Activity ▸ A verbatim copy is needed of the lines below from the one containing "Примите за единичный" up to and including the one containing "Ręcznie wykonany wisiorek.", excluding pictures.

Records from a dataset
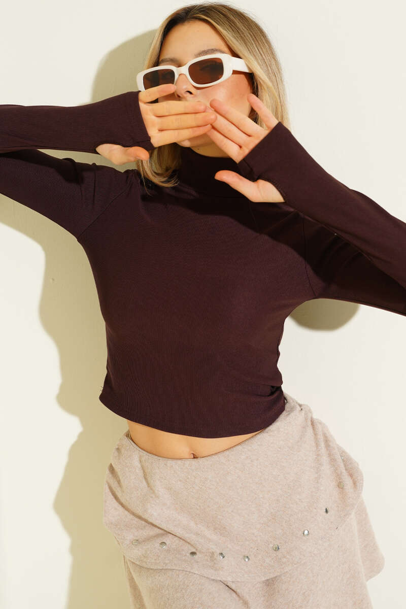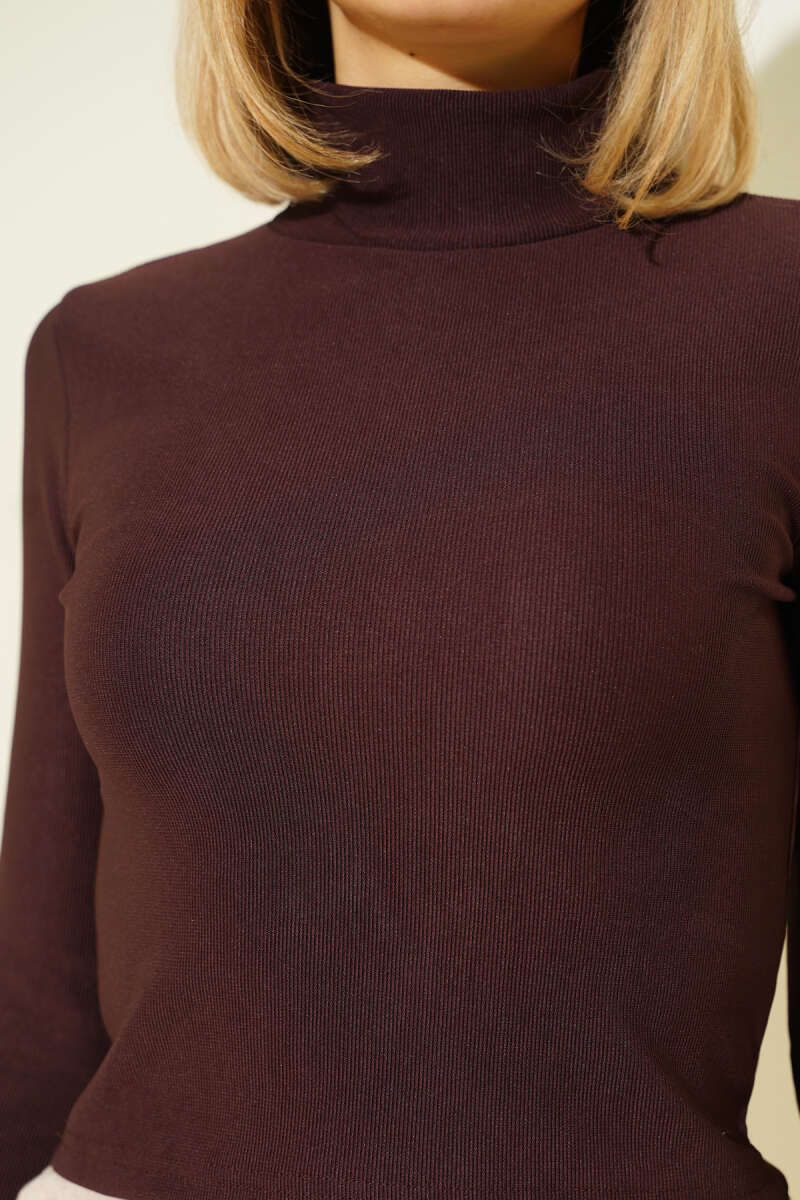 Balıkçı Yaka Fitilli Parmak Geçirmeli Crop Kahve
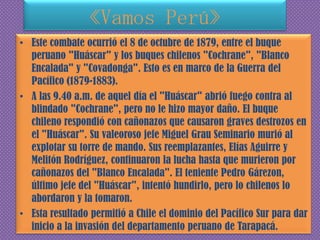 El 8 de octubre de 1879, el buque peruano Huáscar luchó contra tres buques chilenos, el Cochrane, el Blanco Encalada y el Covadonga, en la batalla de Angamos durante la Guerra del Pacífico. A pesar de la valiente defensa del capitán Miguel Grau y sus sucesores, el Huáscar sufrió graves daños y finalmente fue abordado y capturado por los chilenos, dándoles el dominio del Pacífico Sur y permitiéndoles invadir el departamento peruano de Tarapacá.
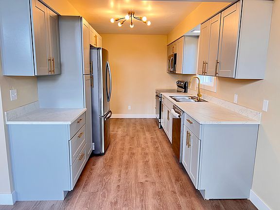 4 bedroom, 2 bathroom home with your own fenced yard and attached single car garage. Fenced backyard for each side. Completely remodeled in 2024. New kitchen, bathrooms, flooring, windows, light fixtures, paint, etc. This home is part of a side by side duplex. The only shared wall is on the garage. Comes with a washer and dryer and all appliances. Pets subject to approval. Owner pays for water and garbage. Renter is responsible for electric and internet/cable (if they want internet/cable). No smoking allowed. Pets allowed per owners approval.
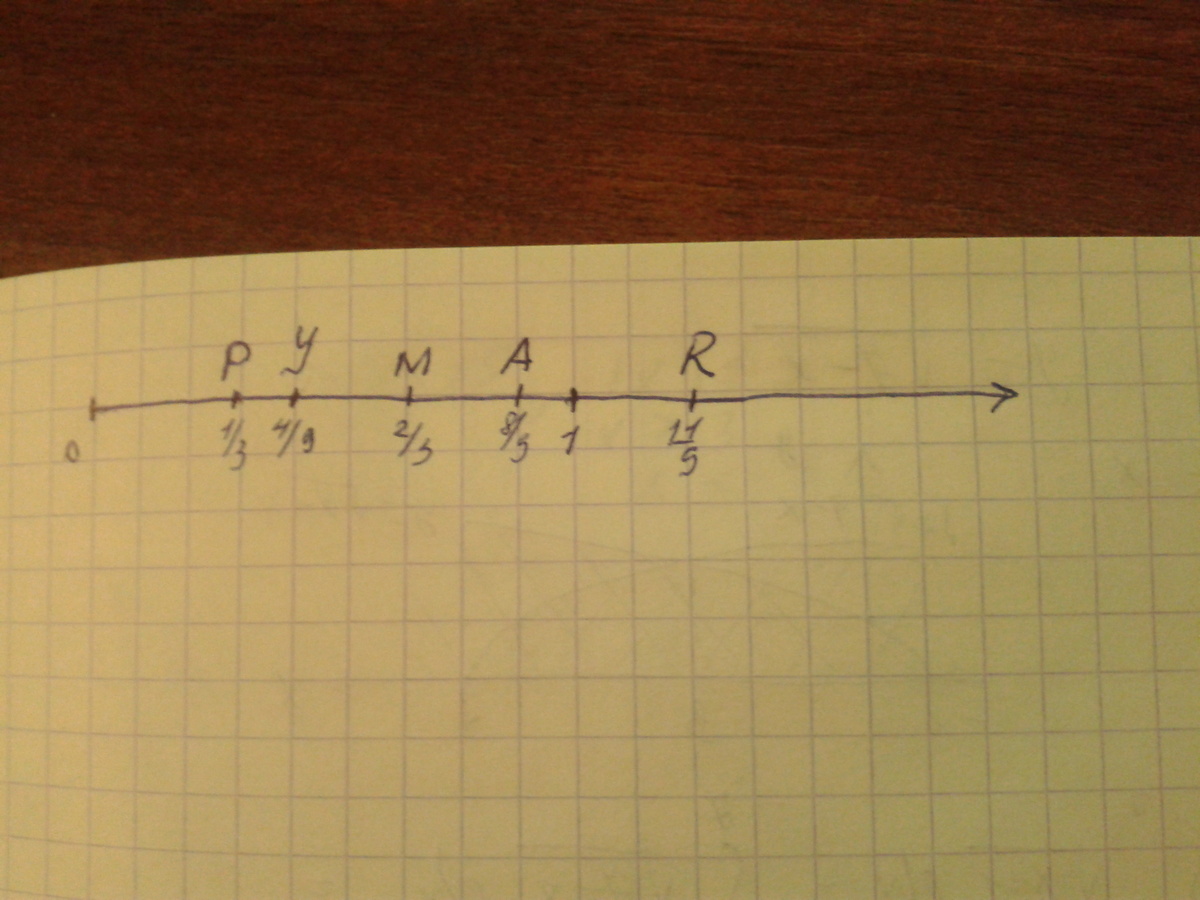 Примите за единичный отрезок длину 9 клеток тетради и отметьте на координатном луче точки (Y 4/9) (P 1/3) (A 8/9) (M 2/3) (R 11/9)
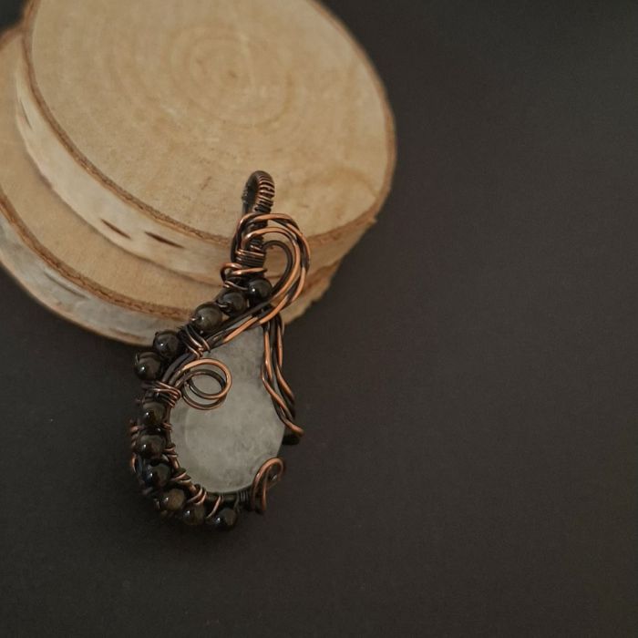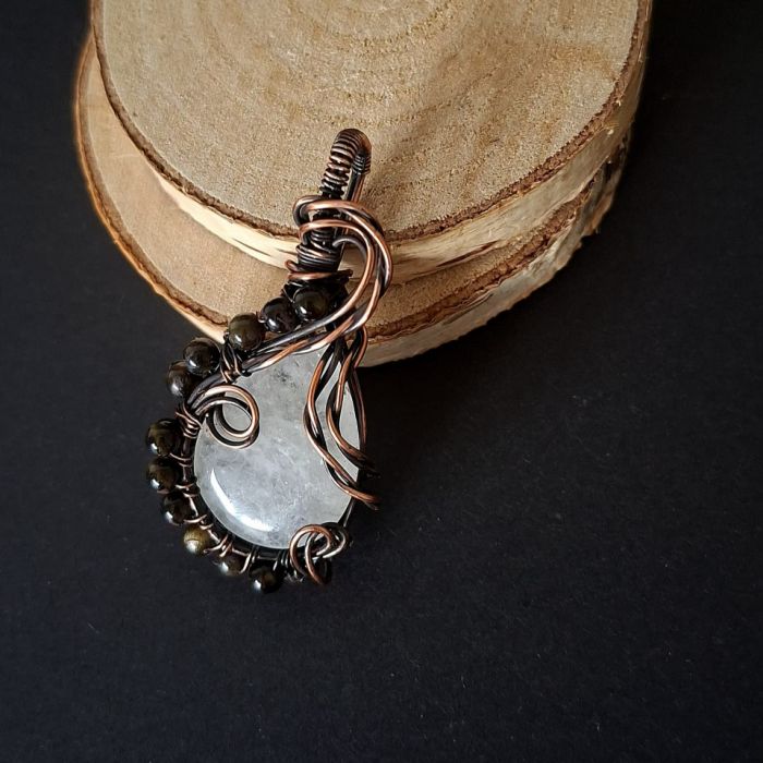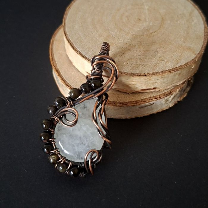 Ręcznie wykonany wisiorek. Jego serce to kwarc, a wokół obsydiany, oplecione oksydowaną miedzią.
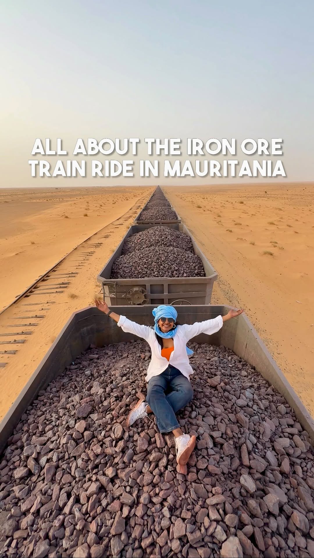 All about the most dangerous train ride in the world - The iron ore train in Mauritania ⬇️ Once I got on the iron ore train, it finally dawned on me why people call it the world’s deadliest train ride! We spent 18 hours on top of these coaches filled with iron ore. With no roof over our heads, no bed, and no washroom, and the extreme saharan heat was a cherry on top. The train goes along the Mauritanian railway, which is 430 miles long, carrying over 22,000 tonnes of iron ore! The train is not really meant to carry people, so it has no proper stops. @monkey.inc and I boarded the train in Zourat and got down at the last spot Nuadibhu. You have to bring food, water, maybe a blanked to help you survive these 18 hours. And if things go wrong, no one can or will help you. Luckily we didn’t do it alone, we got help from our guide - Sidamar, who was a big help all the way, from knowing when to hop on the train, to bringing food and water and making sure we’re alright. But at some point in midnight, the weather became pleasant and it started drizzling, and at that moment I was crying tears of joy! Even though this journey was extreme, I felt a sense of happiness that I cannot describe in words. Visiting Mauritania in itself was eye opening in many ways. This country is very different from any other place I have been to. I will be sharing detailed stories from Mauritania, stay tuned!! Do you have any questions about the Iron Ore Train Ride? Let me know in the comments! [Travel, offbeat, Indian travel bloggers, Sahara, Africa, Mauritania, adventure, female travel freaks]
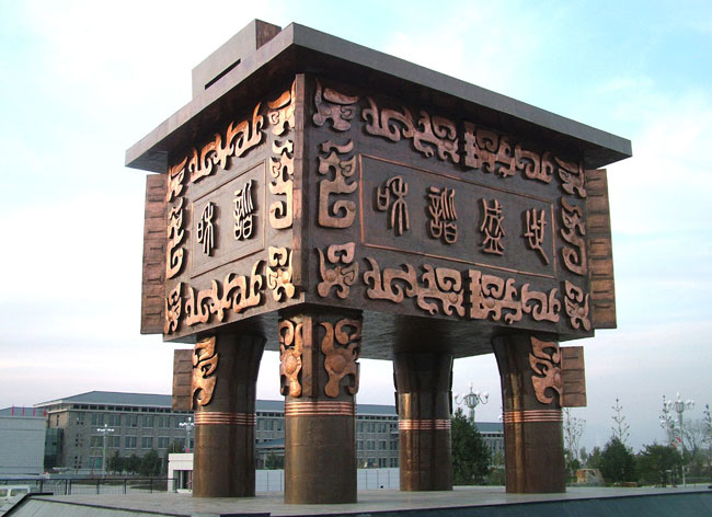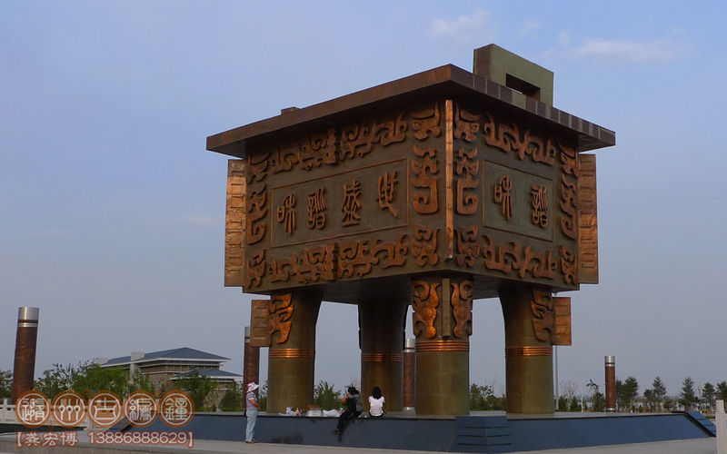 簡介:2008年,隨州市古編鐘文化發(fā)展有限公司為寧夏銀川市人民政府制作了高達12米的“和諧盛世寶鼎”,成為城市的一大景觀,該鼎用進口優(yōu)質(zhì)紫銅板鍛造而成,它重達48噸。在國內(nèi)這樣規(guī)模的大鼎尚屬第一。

Your solution ▸
 Примите за единичный отрезок длину 9 клеток тетради и отметьте на координатном луче точки (Y 4/9) (P 1/3) (A 8/9) (M 2/3) (R 11/9)
 Ręcznie wykonany wisiorek. Jego serce to kwarc, a wokół obsydiany, oplecione oksydowaną miedzią.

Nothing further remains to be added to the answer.